0

Below is a scenario I would like to prevent, it's proper behavior by standards but to users it's scary and unsafe. As a programmer I see the unicode and run away but users may not who don't think about this.

Unaware of the best way to ASCII convert it and check for xn-- for fast rejection; I am inquiring if there's any lingo that could get me on my way and possibly help others.

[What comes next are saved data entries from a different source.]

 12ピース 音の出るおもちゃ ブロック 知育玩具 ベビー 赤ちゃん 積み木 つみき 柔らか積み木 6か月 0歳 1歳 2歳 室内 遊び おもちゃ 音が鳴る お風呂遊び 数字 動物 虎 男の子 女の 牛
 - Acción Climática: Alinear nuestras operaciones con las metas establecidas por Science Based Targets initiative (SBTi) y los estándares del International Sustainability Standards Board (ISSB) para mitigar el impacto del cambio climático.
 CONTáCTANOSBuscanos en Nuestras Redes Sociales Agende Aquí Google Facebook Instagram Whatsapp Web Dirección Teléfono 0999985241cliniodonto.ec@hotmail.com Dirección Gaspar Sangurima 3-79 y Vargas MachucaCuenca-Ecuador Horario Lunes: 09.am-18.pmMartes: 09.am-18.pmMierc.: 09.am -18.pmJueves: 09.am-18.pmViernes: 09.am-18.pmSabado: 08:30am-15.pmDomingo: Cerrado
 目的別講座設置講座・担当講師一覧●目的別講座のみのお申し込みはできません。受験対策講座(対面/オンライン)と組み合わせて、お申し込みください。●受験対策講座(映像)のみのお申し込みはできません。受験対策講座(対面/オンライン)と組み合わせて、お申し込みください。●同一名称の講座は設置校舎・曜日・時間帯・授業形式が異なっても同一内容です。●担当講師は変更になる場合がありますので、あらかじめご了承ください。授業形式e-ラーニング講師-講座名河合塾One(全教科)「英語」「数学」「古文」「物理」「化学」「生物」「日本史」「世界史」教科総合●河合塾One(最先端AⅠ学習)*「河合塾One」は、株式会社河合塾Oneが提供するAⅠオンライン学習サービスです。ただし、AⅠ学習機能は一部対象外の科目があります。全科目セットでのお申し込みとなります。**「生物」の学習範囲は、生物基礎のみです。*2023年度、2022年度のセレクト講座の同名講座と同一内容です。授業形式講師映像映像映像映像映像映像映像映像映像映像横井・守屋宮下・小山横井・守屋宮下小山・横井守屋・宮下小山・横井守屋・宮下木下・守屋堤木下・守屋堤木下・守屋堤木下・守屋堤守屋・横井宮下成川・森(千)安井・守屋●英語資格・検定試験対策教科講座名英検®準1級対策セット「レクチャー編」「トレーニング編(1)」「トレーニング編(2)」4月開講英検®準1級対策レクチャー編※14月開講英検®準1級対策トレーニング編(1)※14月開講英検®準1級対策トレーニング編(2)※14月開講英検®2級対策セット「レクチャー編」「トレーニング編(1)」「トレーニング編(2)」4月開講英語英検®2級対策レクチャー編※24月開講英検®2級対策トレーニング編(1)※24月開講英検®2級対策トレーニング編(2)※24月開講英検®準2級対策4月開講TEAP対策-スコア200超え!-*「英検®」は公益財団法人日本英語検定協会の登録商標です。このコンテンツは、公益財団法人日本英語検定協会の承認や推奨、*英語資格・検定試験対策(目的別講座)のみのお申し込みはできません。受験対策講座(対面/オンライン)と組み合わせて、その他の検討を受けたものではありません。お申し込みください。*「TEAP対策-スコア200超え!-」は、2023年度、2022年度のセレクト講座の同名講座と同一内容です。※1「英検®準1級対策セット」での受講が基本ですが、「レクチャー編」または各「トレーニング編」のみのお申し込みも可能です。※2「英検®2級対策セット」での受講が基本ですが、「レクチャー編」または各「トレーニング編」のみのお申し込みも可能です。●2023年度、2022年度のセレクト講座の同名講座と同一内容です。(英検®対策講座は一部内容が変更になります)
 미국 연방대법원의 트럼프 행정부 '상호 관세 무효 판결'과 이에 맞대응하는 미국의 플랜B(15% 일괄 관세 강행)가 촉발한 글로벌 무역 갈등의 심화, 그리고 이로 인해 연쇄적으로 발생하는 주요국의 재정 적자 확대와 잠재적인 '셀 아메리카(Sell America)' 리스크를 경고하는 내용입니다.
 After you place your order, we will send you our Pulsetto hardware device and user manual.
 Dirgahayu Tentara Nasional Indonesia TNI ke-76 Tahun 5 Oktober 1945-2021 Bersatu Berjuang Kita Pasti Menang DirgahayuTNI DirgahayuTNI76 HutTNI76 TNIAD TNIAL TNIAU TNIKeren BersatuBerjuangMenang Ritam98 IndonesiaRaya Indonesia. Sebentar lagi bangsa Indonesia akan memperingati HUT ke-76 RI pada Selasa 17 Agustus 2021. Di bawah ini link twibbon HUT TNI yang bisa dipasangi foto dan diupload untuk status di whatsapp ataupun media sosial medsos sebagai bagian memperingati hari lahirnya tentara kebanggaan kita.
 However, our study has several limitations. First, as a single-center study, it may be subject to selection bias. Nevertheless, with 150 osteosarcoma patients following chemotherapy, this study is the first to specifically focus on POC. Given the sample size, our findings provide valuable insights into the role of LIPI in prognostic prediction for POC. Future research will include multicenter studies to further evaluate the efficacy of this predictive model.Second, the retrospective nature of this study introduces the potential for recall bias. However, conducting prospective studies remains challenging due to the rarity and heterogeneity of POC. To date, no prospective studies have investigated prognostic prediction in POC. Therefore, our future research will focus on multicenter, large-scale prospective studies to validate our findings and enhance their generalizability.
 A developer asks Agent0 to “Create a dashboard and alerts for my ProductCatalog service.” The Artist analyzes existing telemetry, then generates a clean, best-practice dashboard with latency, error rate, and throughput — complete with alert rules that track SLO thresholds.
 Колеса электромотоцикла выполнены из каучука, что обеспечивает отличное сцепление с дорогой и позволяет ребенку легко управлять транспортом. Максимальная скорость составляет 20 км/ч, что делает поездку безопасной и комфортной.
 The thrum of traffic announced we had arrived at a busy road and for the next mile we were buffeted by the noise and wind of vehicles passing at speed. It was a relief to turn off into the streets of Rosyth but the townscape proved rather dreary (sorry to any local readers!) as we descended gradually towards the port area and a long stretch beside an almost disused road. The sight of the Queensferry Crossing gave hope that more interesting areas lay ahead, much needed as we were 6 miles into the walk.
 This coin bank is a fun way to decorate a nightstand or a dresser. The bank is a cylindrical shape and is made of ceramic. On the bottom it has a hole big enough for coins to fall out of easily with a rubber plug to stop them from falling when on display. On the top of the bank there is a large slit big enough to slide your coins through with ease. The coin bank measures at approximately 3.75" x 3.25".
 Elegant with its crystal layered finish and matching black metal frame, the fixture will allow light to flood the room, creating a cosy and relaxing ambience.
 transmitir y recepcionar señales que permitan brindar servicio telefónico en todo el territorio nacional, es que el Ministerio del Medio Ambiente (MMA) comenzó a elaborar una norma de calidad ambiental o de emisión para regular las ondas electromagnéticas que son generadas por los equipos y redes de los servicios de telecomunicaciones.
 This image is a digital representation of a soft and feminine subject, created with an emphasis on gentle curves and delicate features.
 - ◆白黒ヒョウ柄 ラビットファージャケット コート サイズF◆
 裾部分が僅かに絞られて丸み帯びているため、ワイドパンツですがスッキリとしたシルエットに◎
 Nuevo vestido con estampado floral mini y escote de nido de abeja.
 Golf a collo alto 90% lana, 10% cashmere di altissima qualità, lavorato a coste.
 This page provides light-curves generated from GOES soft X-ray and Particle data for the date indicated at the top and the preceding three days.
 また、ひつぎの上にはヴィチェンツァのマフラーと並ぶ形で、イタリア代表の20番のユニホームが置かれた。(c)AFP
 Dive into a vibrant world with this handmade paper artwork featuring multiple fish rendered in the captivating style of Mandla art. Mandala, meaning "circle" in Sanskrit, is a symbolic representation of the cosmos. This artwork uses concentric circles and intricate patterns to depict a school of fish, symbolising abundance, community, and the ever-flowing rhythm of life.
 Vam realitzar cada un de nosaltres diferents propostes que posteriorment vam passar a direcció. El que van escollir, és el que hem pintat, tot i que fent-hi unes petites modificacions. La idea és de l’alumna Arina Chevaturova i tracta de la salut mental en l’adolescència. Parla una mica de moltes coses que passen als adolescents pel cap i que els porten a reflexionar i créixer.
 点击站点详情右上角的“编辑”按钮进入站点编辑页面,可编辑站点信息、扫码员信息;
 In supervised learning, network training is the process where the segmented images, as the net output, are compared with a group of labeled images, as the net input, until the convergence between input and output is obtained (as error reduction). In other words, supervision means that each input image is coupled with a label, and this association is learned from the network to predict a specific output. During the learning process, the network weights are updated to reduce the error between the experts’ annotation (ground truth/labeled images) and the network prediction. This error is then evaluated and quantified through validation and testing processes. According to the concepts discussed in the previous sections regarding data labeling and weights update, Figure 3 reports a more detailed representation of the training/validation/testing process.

I've tried so far, the punycode function available online no understanding of it just yet but the link being here:

Converting punycode with dash character to Unicode

I was unsuccessful with getting this work immediately without xn-- or - appearing in the normal links passed through linkify.

Goal is to check after linkify process for punycode and reject it. Any other link is AOK avoiding as many false positives as possible.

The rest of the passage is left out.